Colorado schools have certainty on funding for this year, and closer to knowing about testing

Colorado schools now have clarity on funding for the current year and how the state plans to move forward with standardized testing — federal approval notwithstanding.

On Monday, Democratic Gov. Jared Polis signed a bill that ensures districts receive the funding they were allocated last spring, despite drops in enrollment and other circumstances caused by the COVID-19 pandemic.

The law, which took effect immediately, also directed an extra $25 million to rural schools, which can be used to fit their specific needs. Though there are no guidelines for how the money should be used, districts must detail how they spent it to the state Department of Education.

And on Tuesday morning, the Colorado Senate followed the House’s footsteps in passing a bill to restructures how Colorado Measures of Academic Success (or CMAS) tests could be administered this year, sending it on to Polis. He is expected to sign it Tuesday, as his office had a hand in crafting it.
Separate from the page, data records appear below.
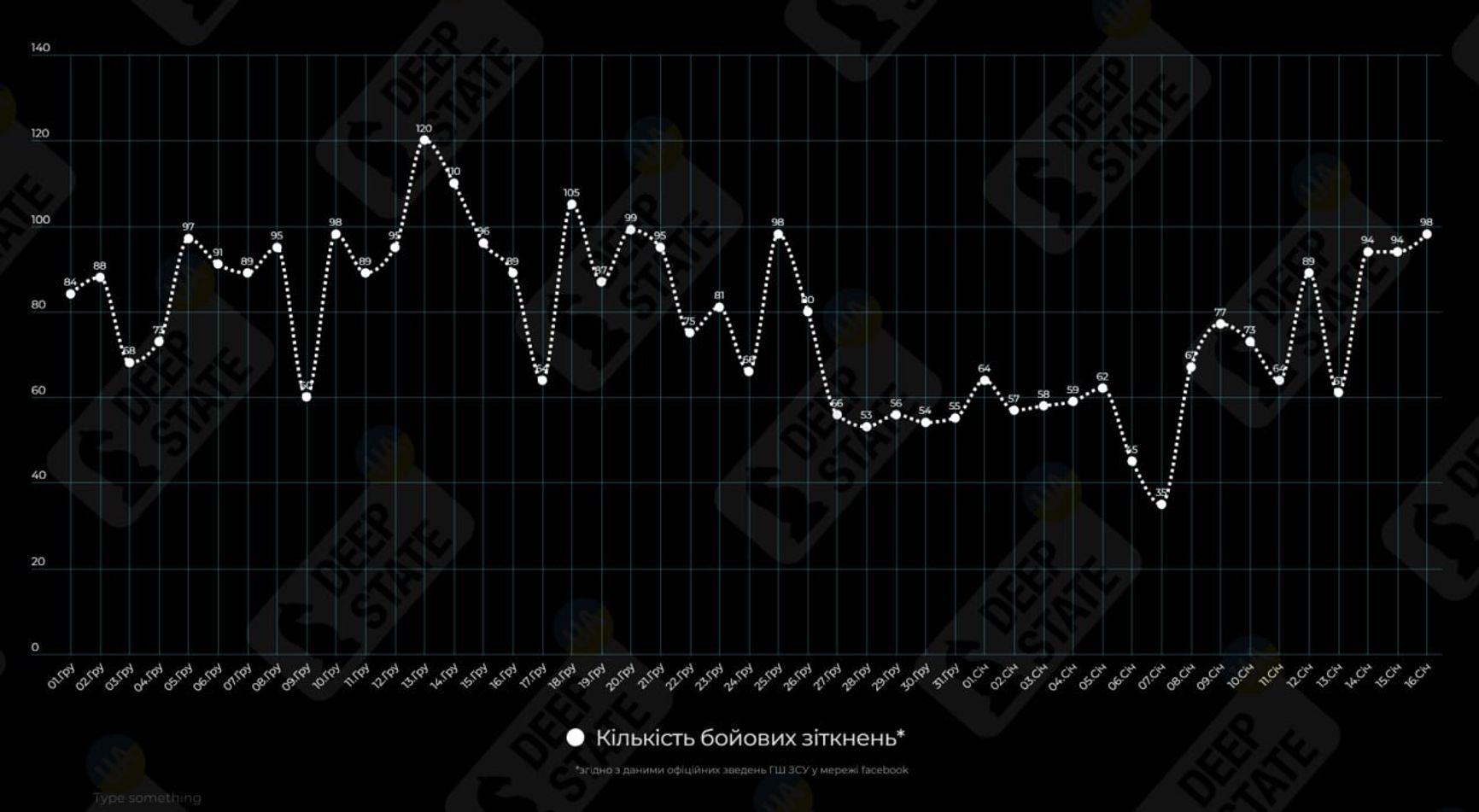 DeepState — украинский проект, поддерживающий регулярно обновляемую карту контроля территорий в зоне боевых действий в Украине и публикующий сводки о ситуации на фронте на основе открытых источников (OSINT) и информации от украинских военных.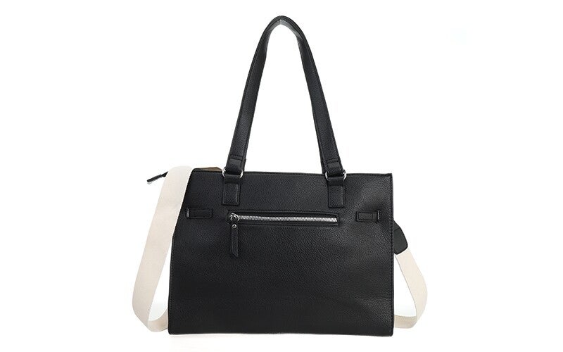 Ontdek de Messina handtas in de kleur zwart: een stijlvolle en ruime tas die chique design moeiteloos combineert met een sportieve touch. Gemaakt van hoogwaardig PU materiaal (veganistisch leer), biedt deze tas zowel luxe uitstraling als praktisch gebruiksgemak. Ideaal voor dagelijks gebruik, werk of een dagje uit wanneer je alles overzichtelijk bij de hand wilt hebben.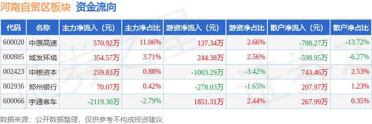 从资金流向上来看,当日河南自贸区板块主力资金净流出863.91万元,游资资金净流入951.71万元,散户资金净流出87.8万元。河南自贸区板块个股资金流向见下表: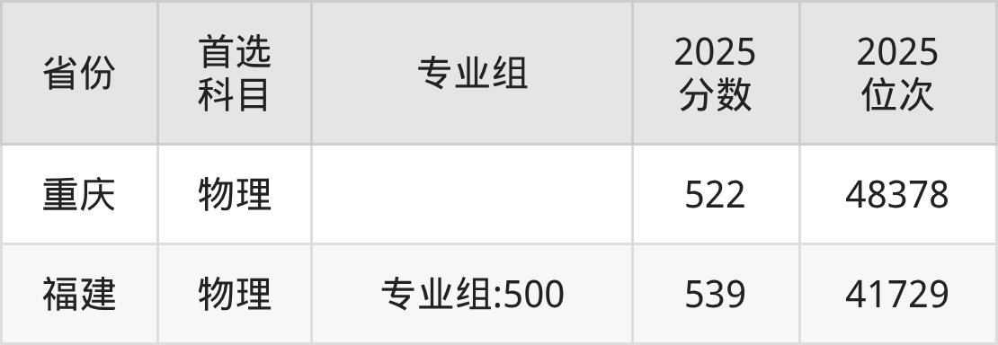 物理类最低分对应地区为重庆,录取位次为48378,超本科线97分;最高分对应地区为福建(专业组:500),录取位次为41729,超本科线98分。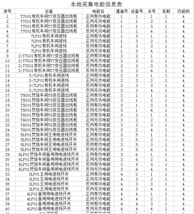 變電站綜合自動化系統需采集設備數量共計34臺,本地設備根據數據類型主要分為遙測、遙信、電能三類數據,部分數據展示如下: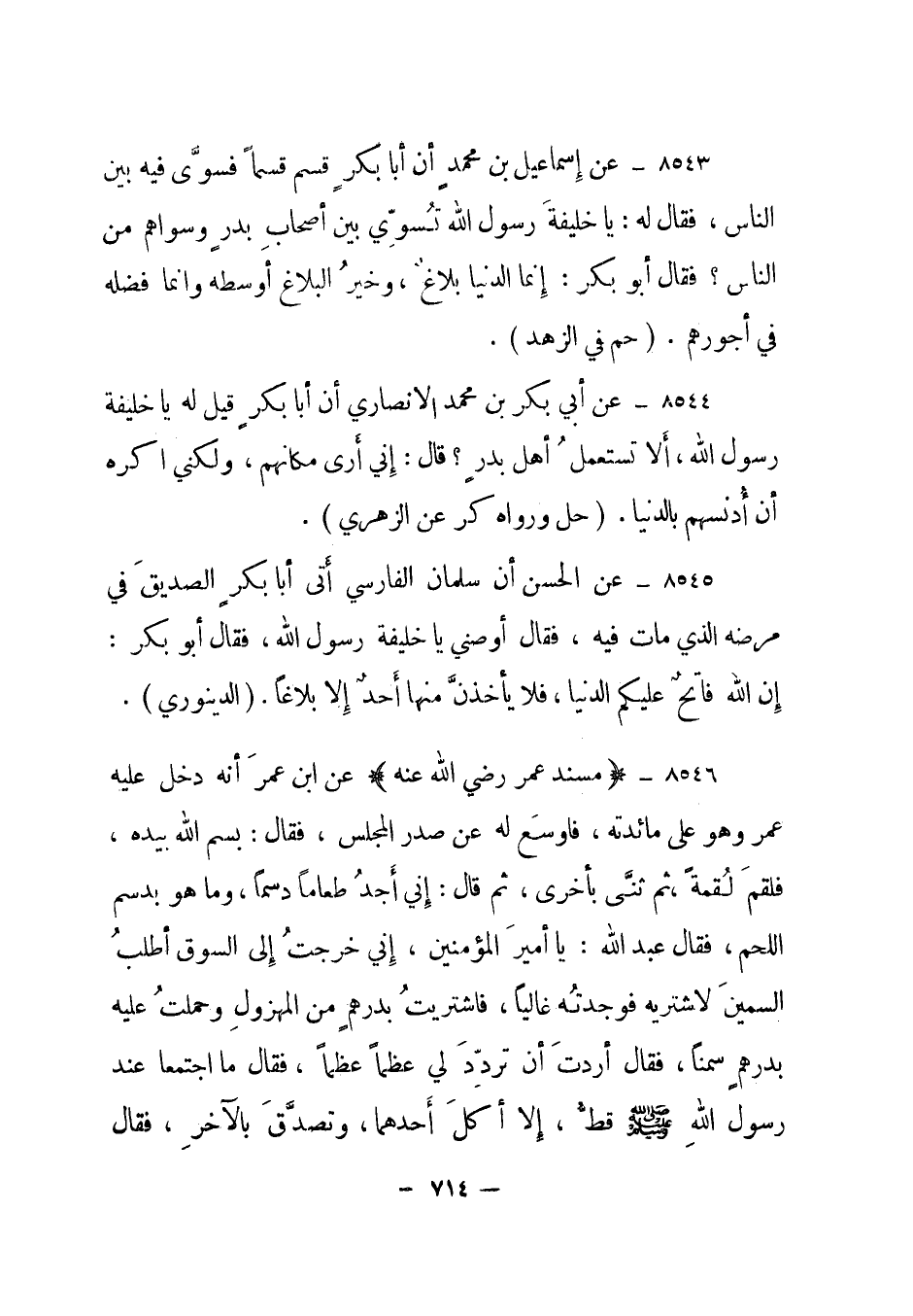 8543- عن إسماعيل بن محمد أن أبا بكر قسم قسما فسوى فيه بين الناس، فقال له: يا خليفة رسول الله تسوي بين أصحاب بدر وسواهم من الناس؟ فقال أبو بكر: إنما الدنيا بلاغ، وخير البلاغ أوسطه وإنما فضله في أجورهم. "حم" في الزهد.

The State Board of Education also supports the measure, but the state would still need to obtain a waiver from federal education officials. If Colorado does, then standardized testing will be limited to one subject per grade level: students in grades fourth, sixth and eighth would take math exams; those in third, fifth and seventh would take English language arts exams. Science and social studies tests would be canceled.

Additionally, CMAS results could not be used for accountability purposes this school year. The Department of Education intends to send a waiver to the federal government as soon as possible, as schools can begin testing on March 22.
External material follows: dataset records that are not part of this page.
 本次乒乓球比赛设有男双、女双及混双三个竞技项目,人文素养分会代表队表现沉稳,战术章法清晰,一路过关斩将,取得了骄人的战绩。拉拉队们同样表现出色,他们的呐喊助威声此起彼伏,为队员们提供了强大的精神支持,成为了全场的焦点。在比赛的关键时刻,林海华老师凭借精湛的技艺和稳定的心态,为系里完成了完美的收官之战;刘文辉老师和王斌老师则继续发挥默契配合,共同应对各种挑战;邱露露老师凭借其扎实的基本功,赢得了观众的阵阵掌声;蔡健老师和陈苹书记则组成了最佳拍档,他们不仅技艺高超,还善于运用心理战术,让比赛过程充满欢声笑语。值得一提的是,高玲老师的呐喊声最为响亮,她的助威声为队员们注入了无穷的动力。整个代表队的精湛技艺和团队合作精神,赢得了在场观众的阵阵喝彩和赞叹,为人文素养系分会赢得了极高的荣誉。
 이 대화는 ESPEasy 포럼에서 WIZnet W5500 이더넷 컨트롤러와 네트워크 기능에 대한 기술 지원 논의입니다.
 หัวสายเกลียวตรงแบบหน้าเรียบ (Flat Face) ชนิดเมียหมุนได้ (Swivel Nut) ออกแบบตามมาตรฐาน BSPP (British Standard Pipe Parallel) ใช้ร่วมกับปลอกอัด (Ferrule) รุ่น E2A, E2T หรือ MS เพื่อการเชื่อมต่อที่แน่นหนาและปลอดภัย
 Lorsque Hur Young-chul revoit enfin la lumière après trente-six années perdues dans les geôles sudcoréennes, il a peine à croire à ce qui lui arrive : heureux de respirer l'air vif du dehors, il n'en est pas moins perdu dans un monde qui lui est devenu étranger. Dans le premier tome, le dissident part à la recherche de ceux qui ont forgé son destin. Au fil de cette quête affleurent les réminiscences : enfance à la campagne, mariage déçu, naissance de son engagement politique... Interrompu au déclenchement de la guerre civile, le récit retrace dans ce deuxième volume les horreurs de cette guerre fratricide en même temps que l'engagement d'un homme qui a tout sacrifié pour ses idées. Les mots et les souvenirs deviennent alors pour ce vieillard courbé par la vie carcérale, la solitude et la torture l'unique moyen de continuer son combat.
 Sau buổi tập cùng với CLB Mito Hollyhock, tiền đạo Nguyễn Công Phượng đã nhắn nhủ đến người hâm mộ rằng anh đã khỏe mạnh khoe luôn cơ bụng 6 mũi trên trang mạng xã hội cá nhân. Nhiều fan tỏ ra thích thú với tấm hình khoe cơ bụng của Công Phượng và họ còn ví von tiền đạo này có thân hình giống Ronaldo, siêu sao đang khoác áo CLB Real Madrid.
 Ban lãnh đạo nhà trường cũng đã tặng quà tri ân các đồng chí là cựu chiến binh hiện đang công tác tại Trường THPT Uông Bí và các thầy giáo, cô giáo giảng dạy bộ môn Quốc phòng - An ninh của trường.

Joyce Zurkowski, the state education department’s chief assessment officer called the measure “a reasonable compromise that addresses both the need for statewide data on Colorado student learning during the pandemic to inform the targeting of supports and resources, as well as acknowledges the many competing interests that schools have to meet the academic, emotional and social needs of their students and educators.”

As of last week, the feds had not responded to any of the state waivers that they received so far, Zurkowski added.

School funding stays the same

The school funding bill is typically a routine annual adjustment to money that’s allocated based on enrollment projections and other factors. But because of the pandemic and an unexpected 3.3% drop in statewide public school enrollment, the funding equation was more complex.

“There’s been nothing routine about the last year that we’ve been in and we know schools are doing more than ever to make sure that our kids stay on track,” Democratic Sen. Dominick Moreno said during a broadcast Monday of the bill’s signing. “This was a difficult bill to get right from a policy perspective and it reminded me how messed up our School Finance Act is.”

Before signing the bill, Polis said the money was “in their projected budgets, so it’s good to make sure they can meet those obligations.”